#### Raw data
· · · · · · ·

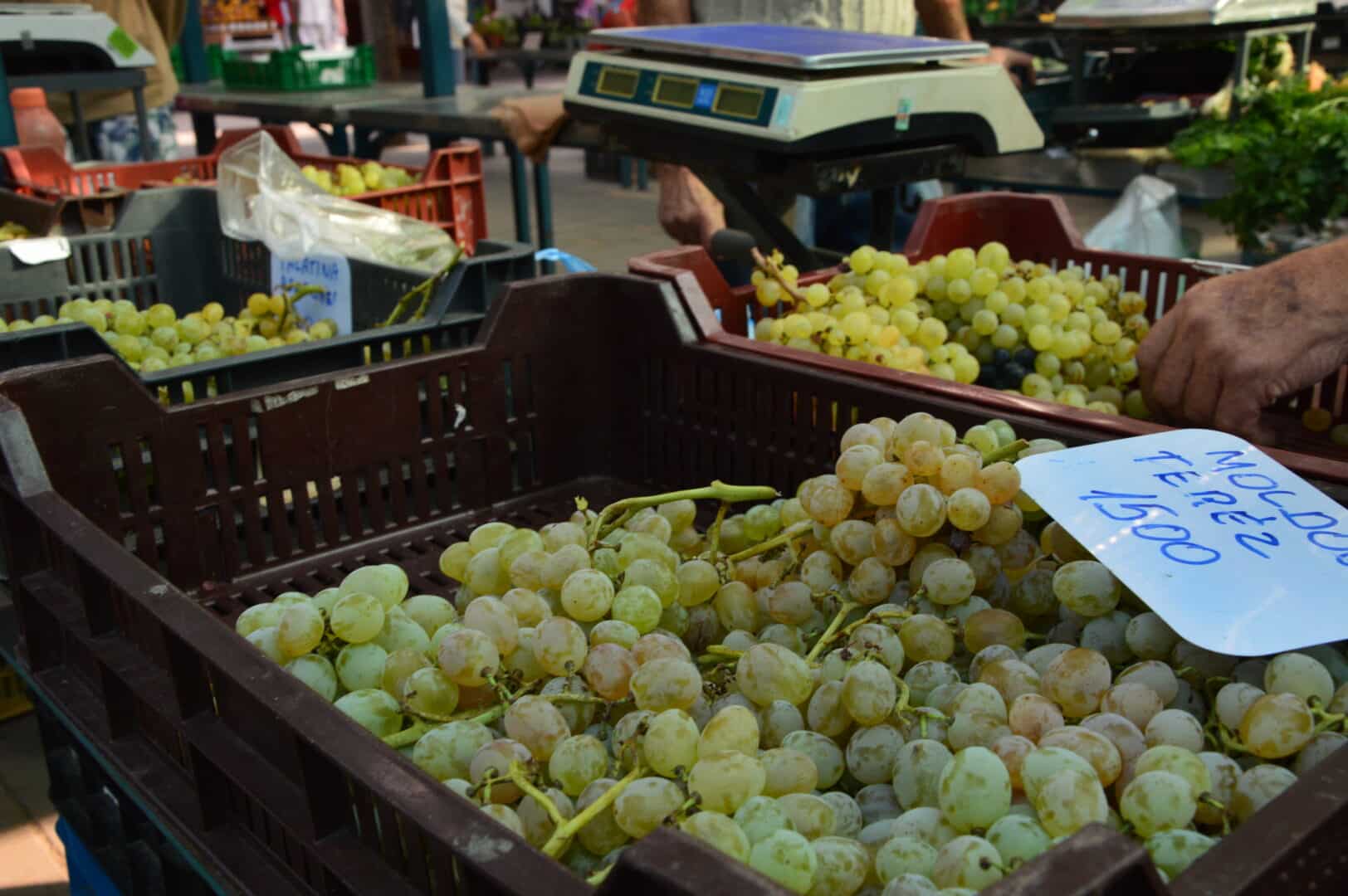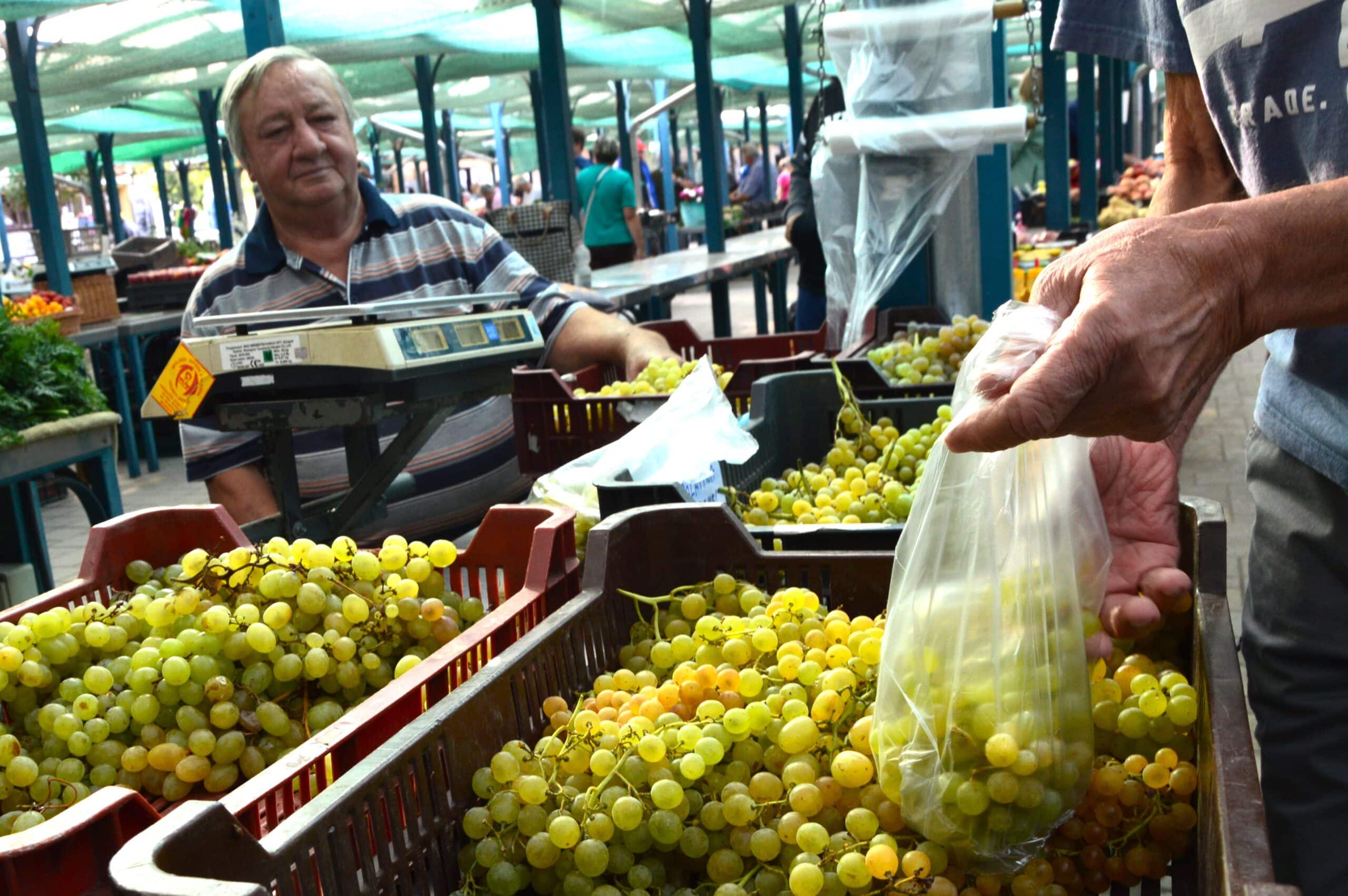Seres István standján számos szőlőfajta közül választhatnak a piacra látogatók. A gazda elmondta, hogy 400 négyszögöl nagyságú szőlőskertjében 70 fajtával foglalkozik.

· · · · · · ·

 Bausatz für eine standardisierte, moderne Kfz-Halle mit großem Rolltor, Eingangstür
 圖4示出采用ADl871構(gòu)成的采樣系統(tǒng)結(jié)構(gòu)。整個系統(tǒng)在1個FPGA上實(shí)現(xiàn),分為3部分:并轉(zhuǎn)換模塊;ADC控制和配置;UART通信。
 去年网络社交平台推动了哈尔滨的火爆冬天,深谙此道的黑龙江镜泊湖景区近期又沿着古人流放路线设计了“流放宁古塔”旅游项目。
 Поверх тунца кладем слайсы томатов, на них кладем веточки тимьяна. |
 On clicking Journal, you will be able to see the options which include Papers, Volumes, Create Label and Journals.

· · · · · · ·

#### What is needed
For the material above, reproduce exactly the lines from the line with "圖4示出采用ADl871構(gòu)成的" to the line with "On clicking Journal, you", inclusive, and exclude all others.

#### Task solution
 圖4示出采用ADl871構(gòu)成的采樣系統(tǒng)結(jié)構(gòu)。整個系統(tǒng)在1個FPGA上實(shí)現(xiàn),分為3部分:并轉(zhuǎn)換模塊;ADC控制和配置;UART通信。
 去年网络社交平台推动了哈尔滨的火爆冬天,深谙此道的黑龙江镜泊湖景区近期又沿着古人流放路线设计了“流放宁古塔”旅游项目。
 Поверх тунца кладем слайсы томатов, на них кладем веточки тимьяна. |
 On clicking Journal, you will be able to see the options which include Papers, Volumes, Create Label and Journals.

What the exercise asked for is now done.